The top three private debt funds raised more than $73bn in the past five years, underlining the appetite for alternative credit at a time when banks are under pressure to shrink their balance sheets in the wake of the financial crisis.
According to a Private Debt Investor survey, the top fund raiser was Dallas-based Lone Star Funds, which collected $28bn from investors including major pension funds, followed by Oaktree Capital Management with $23bn and Apollo Global Management at $22bn.
Most of the 30 funds included in Private Debt Investor’s list are distressed specialists and only one in the top 10, fifth-placed M&G Investment Management of the UK, is based outside the US, illustrating how little risk capital there is beyond US shores. Together the 30 funds raised a total of $318bn over the past five years.
The total is unchanged from the past survey a year ago, demonstrating how distressed debt funds are continuing to draw new investor money even as the financial crisis eases.
Lone Star and its peers have benefited as banks have come under pressure from regulators to sell assets to boost their capital ratios.
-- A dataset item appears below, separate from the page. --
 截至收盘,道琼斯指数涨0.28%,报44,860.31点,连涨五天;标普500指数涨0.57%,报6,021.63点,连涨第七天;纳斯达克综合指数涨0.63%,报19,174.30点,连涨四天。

Lone Star, founded by John Grayken in 1995, has bought several loan portfolios from Germany’s Commerzbank, including its UK real estate portfolio in partnership with Wells Fargo, and its Spanish loan portfolio, together with JPMorgan.
Similarly Oaktree bought a shipping loan portfolio from the UK’s Lloyds bank.
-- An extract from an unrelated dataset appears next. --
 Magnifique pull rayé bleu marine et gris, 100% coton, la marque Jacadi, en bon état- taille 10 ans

Apollo, which topped the list last year, dropped to third place for the period from January 2009 to the start of June 2014. However, Apollo has $106bn in total credit assets when debt investments are more broadly defined.
The methodology that Private Debt Investor uses includes investors in the debt of private companies, leveraged buyouts, infrastructure and real estate. But it excludes high yield funds, hedge funds that trade debt but do not hold it for any period, and collateralised loan obligations managers.
Jim Zelter, head of Apollo’s credit business, said growth in the alternative credit industry was driven by institutional investors seeking diversity, which ranged from yield to opportunistic.
While distressed investors enjoyed tailwinds from the financial crisis, zero interest rates have meant that in recent years the debt burden of even highly levered companies has become easier to bear.
The opportunity to invest in companies with unsustainable balance sheets has shrunk – at least for the time being, leading Oaktree, for example, to actually return money to investors.
It also focuses on capital raising in the past five years so does not necessarily indicate market power.
Pimco is included at number 17, while BlackRock, the world’s largest fund manager, does not appear at all. Neither does Centerbridge Partners, which along with Oaktree, Apollo and Blackstone, is regarded as a specialist distressed debt investor.
Goldman Sachs is the only bank to appear on the list.